Com a mesma veemência, Cicero rechaça o rótulo ao qual a poesia de Waly Salomão foi muitas vezes reduzida: "marginal". Para ele, trata-se de uma simplificação que não pode ser aplicada a uma obra tão "culta e elaborada". "Através de procedimentos de deslocamento, distorção, estranhamento, estilização etc., nos quais é capaz de empregar todos os recursos retóricos e paronomásticos que lhe convenha, ele frequentemente obtém um resultado de uma artificiosidade brilhante, que talvez se possa qualificar de barroca", escreveu Cicero.

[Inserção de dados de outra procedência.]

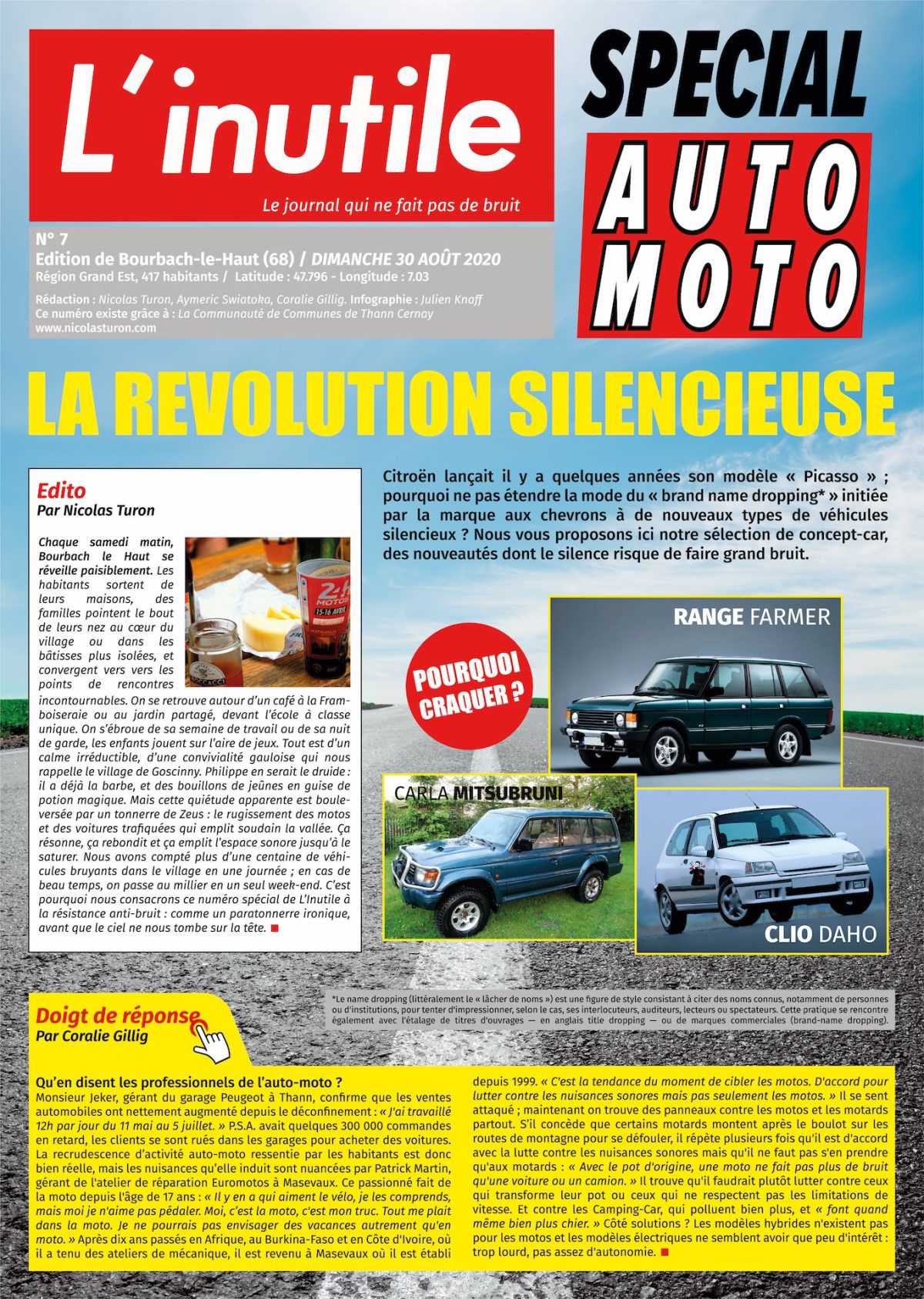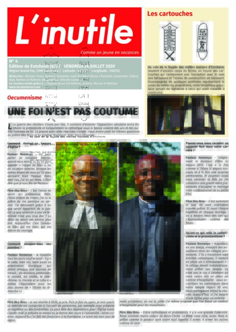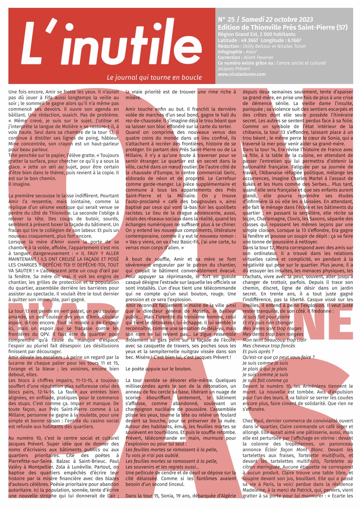 Action créée en réaction à la crise du COVID-19, mettant en jeu tous nos savoir-faire, de la rencontre et la capacité d’écoute à la transformation des histoires vernaculaires en matière artistique, l’idée est de créer un journal gratuit, sur le modèle de 20 minutes ou Metro, mais dans un lieu de « déconcentration » de population. Un journal de nouvelles qui n’intéressent personne pour les lieux qui n’en n’ont pas besoin.

De fato, a poesia de Waly Salomão, inseparável do modo extremamente pessoal com que o escritor apreendia o mundo, dialoga menos com a espontaneidade do título de "marginal" e mais com o rigor de João Cabral de Melo Neto, quando este afirma, por exemplo, que o "obstáculo diante do ser o obriga a muito mais esforço e faz com que ele atinja o seu extremo". Em um poema chamado "Lausperene", Waly expõe toda a sua admiração pelo autor de "Morte e Vida Severina" e lança a máxima que pode ser atribuída à sua própria vida e obra: "belo é quando o seco, / rígido, severo / esplende em flor."